Extracted material:
+--
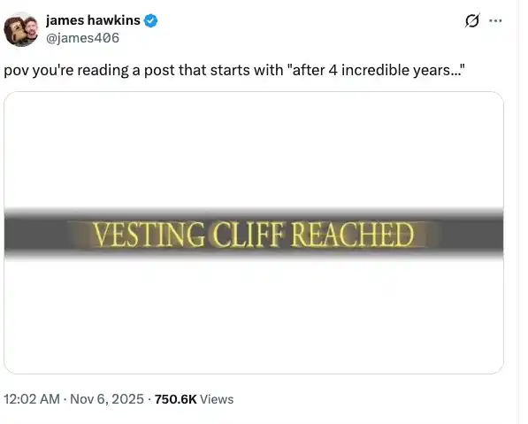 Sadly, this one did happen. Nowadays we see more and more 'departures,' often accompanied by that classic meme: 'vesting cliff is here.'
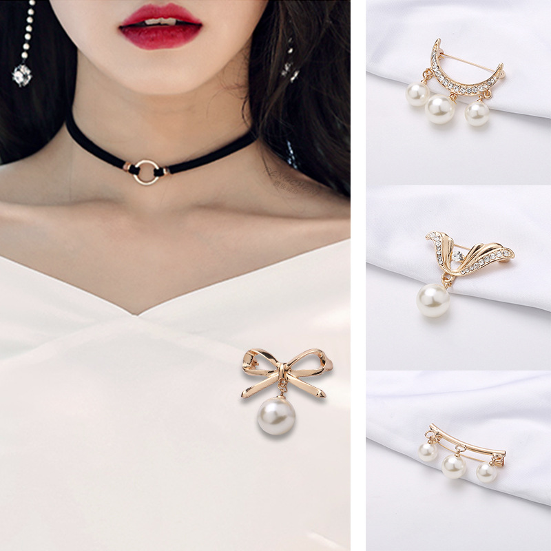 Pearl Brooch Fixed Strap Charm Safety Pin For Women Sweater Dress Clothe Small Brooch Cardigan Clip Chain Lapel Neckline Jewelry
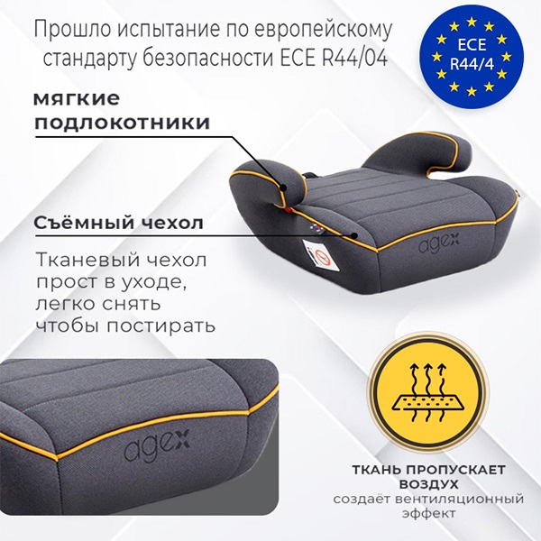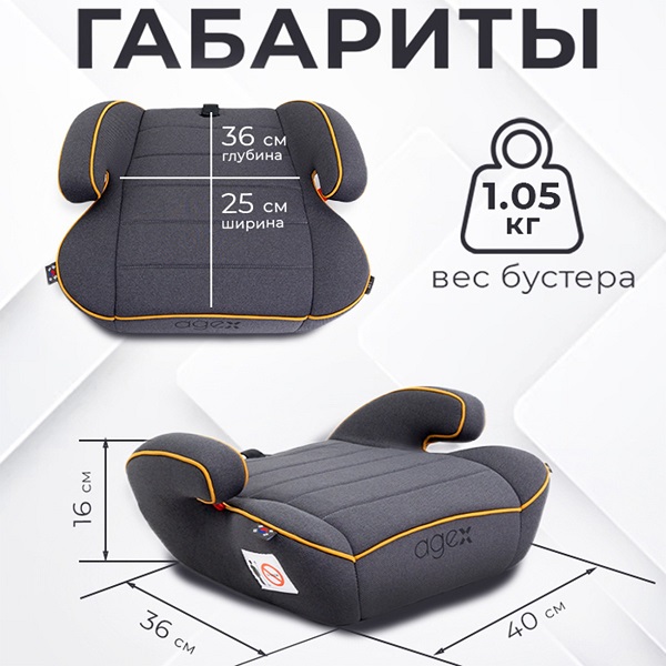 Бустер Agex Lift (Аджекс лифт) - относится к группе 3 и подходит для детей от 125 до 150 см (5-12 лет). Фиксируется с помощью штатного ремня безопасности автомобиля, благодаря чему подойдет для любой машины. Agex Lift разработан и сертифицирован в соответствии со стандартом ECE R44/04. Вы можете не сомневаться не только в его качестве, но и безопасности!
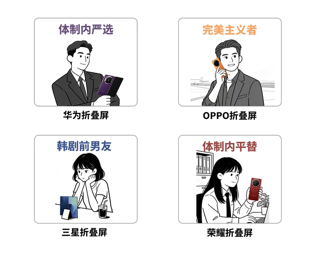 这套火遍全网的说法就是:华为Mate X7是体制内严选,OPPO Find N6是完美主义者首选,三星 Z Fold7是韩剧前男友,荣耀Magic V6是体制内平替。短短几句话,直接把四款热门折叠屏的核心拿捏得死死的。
+--
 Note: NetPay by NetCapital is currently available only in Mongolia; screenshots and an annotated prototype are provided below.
+--
Task to carry out: Although the records hold pictures, the copy must not; give again exactly the lines from the one with "Sadly, this one" through the one with "Pearl Brooch Fixed".

Result:
 Sadly, this one did happen. Nowadays we see more and more 'departures,' often accompanied by that classic meme: 'vesting cliff is here.'
 Pearl Brooch Fixed Strap Charm Safety Pin For Women Sweater Dress Clothe Small Brooch Cardigan Clip Chain Lapel Neckline Jewelry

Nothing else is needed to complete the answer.